The Taiwan Dillemma: De-escalation of Conflicts or Democracy Above All?
Although, the recent China-Lithuania friction over whether or not Taiwan should enjoy the status of a sovereign state make many of us eager to show our supports toward Taiwanese democracy, but we don't see why we should risk the escalation of war in Far East and our already frigale relationship with China by steer away from the 'One China Principle', which is the guiding principles of a proper framework for the international community to maintain the peace on both sides of Taiwan Straight. Our approaches with both the mainland China and Taiwan must be based on three realities: the recognition of China returning to world stage as a great power; a relatively good relation with China that serves as the corner stone of peace; the Chinese-Taiwanese relations not being used as a tool by interventionist policies.

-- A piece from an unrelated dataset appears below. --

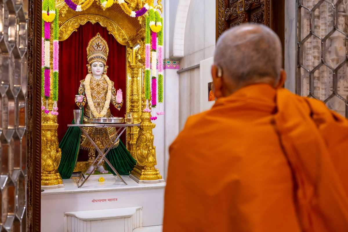 Swamishri engrossed in darshan of Shri Ghanshyam Maharaj

Last year, the U.S. election followed by blame-shifting from the virus-ravaged States and the turmoil at Capital Hill has caused a heavy headwind for China serving American desire to stay the one and only superpower. But, sovereignty in the 21st century means having alternatives and we all have high interest in having different suppliers to stay somehow independent and sovereign. Instead of provoking China, we must not to risk the escalation of war at a time that Europe is already entragled in one with Russia, we also need China's full engagement in essential global challenges like the climate change, global campaign against the corona virus and post pandemic recovery of economy. We are not freigntened about the fact that every nation has its right to follow its national interest, which for China are focused on economics. China is coming back into its role as a greatpower and it is better to seek peaceful co-existence with her and benefit from its development than sounding the war drums.